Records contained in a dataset

== == ==

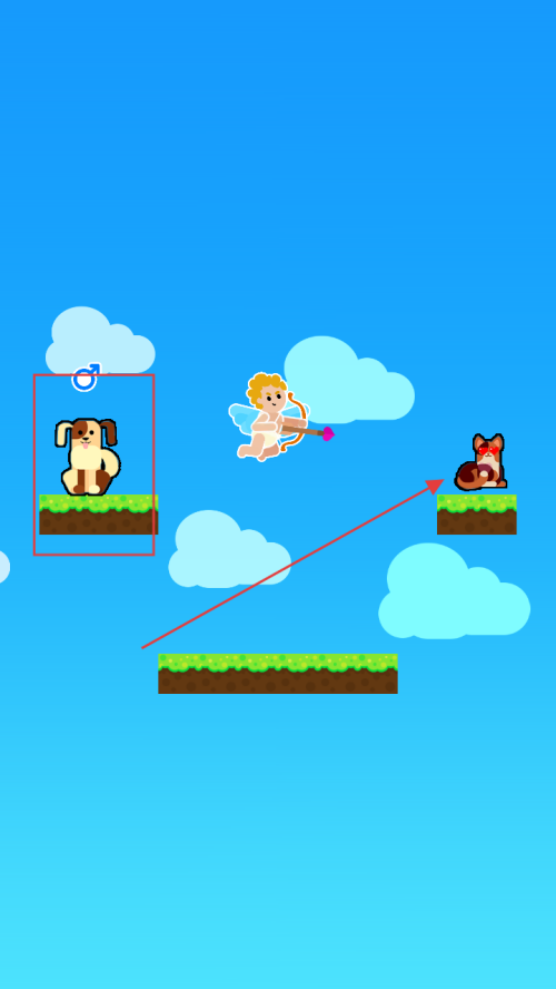 3、面对不同的动物角色,同样操控丘比特,瞄准对应动物,发射爱箭,让它们也能成功配对,积累经验。
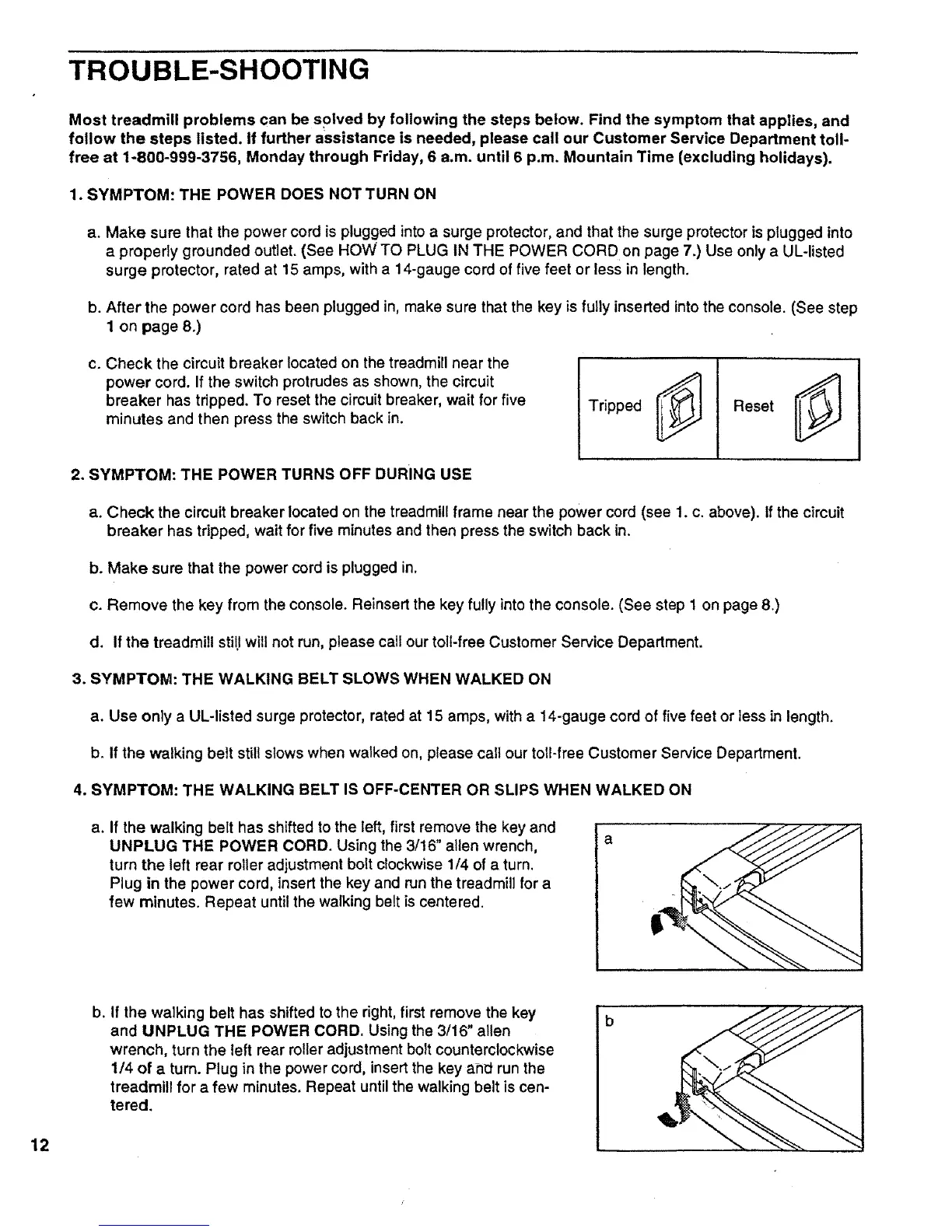 b. If the walking belt still slows when walked on, please call our toll-free Customer Service Department.
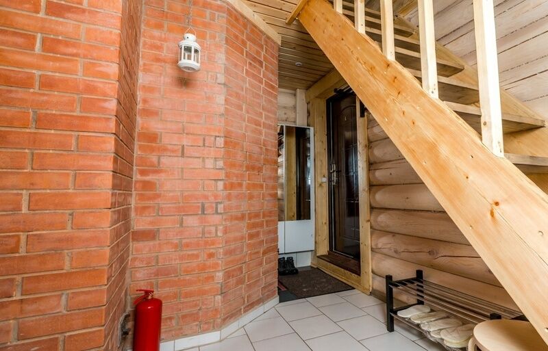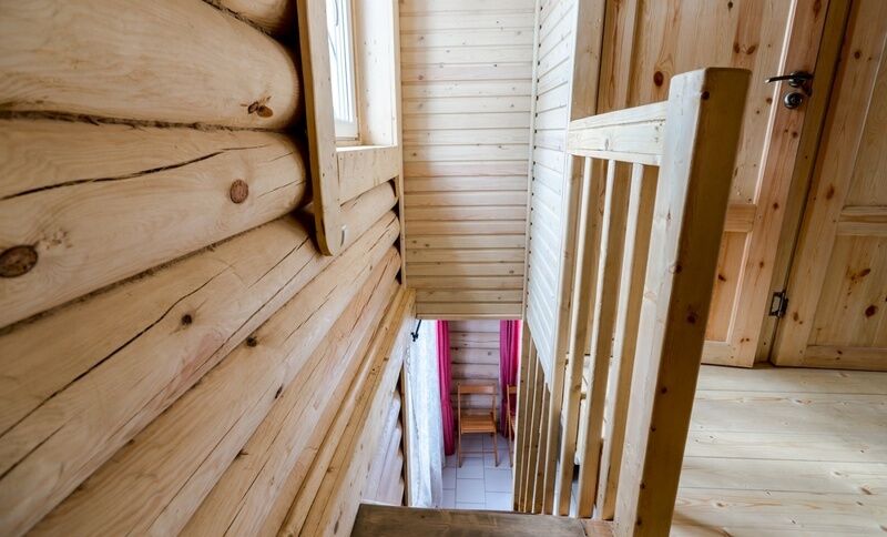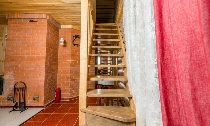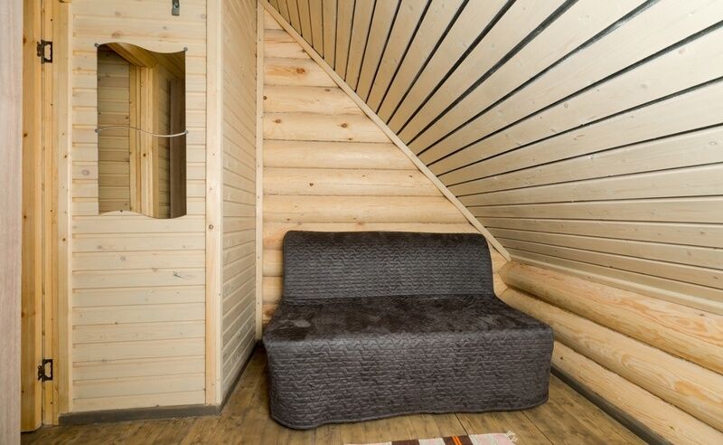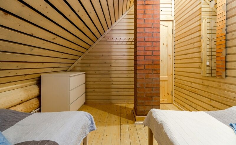 На 2 этаже находятся две спальные комнаты: в первой – двуспальная кровать и раскладной диван, во второй – три односпальные кровати.
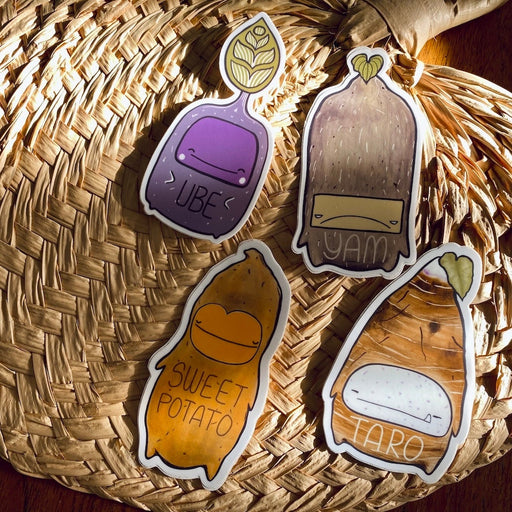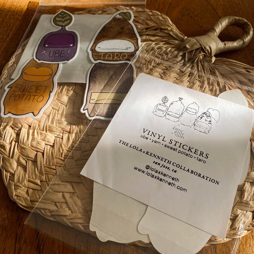 Lola x Kenneth$10.00| /The lineup: Ube, Yam, Sweet Potato, and Taro.They're best spuds! One pack of four (4) durable vinyl stickers. One (1) each of: Ube, Yam, Sweet Pota...
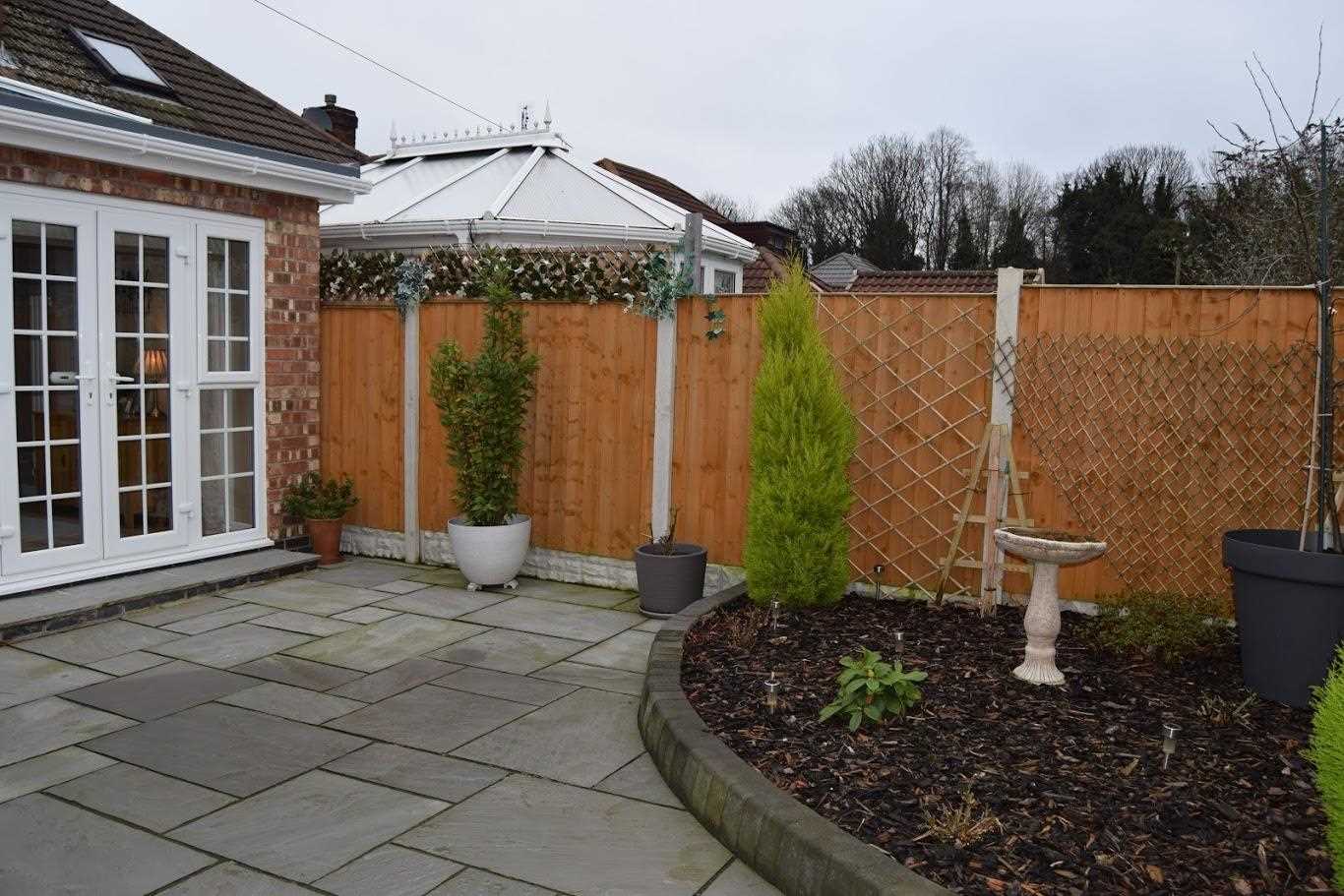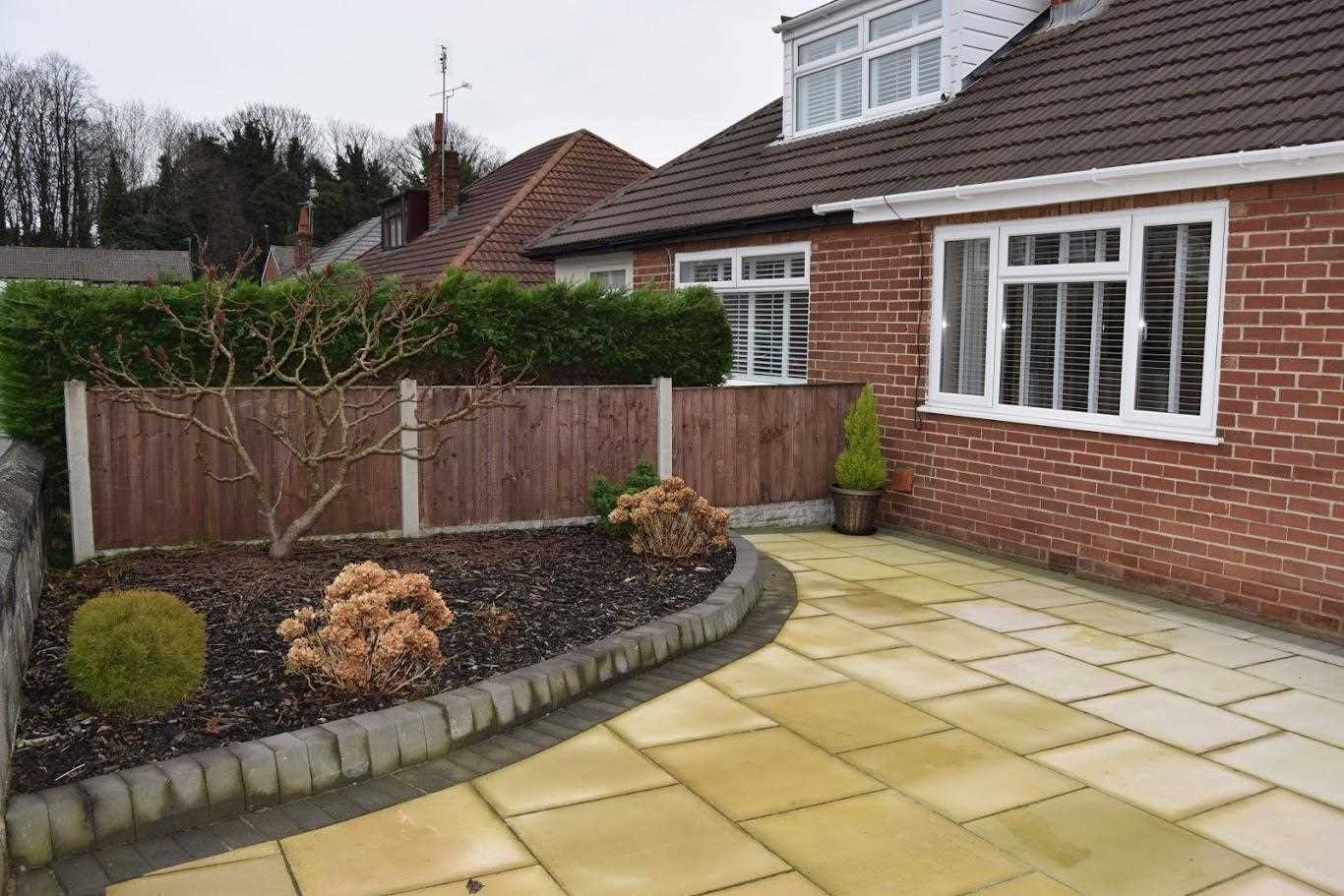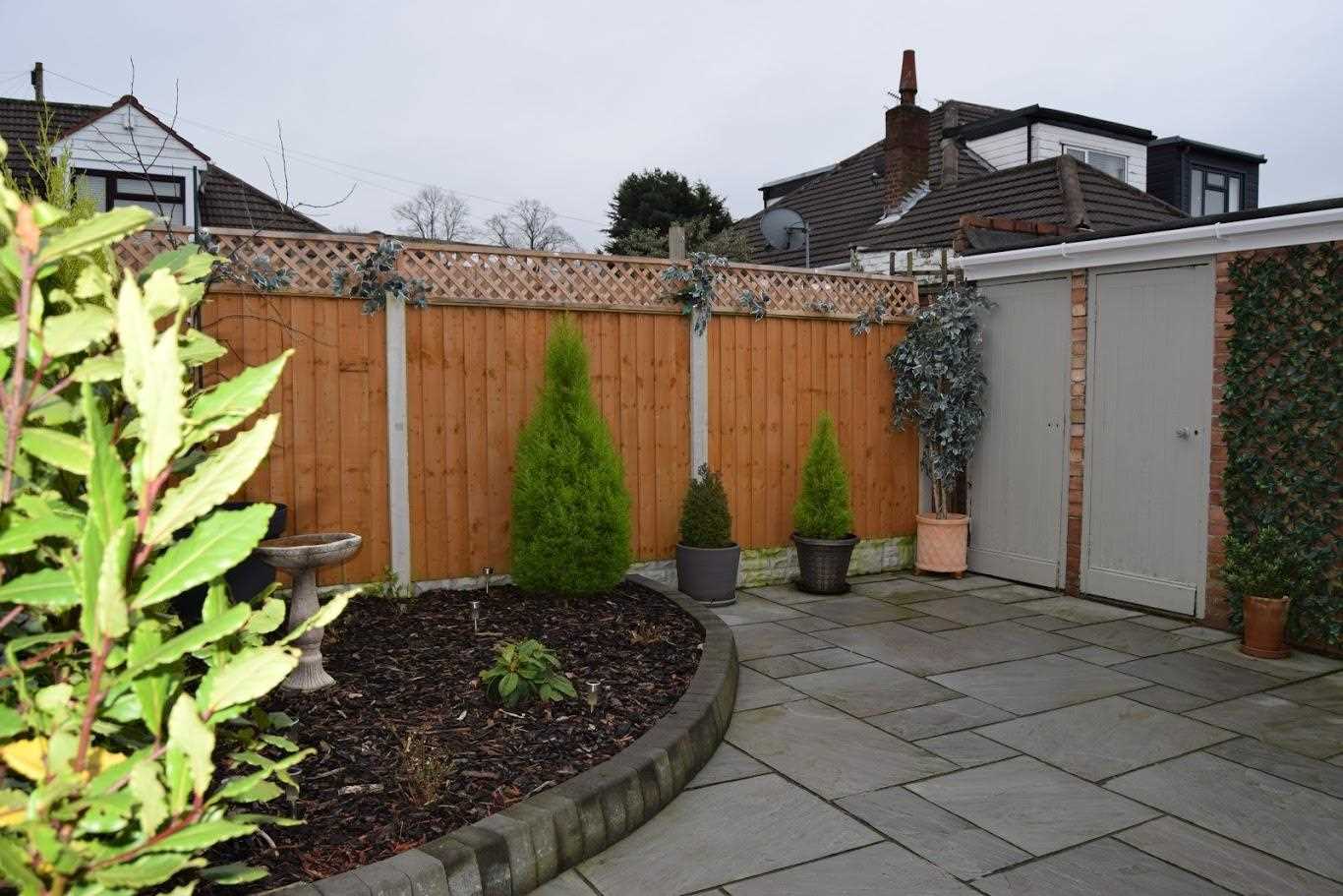 A landscaped south facing garden. Indian flags with planting area to the rear of garden. Side garage suitable for car or additional storage space. Ideal space for summer months. Maintenance free and immaculate condition. To the front of the house the garden is part paved with a small corner border. This space is ideal for additional car spaces.

== == ==

## WHAT YOU ARE ASKED TO DO
Copy every line exactly, from the opening line of the entries down to the line holding "Lola x Kenneth$10.00|", and keep the pictures out.

## TASK OUTPUT
 3、面对不同的动物角色,同样操控丘比特,瞄准对应动物,发射爱箭,让它们也能成功配对,积累经验。
 b. If the walking belt still slows when walked on, please call our toll-free Customer Service Department.
 На 2 этаже находятся две спальные комнаты: в первой – двуспальная кровать и раскладной диван, во второй – три односпальные кровати.
 Lola x Kenneth$10.00| /The lineup: Ube, Yam, Sweet Potato, and Taro.They're best spuds! One pack of four (4) durable vinyl stickers. One (1) each of: Ube, Yam, Sweet Pota...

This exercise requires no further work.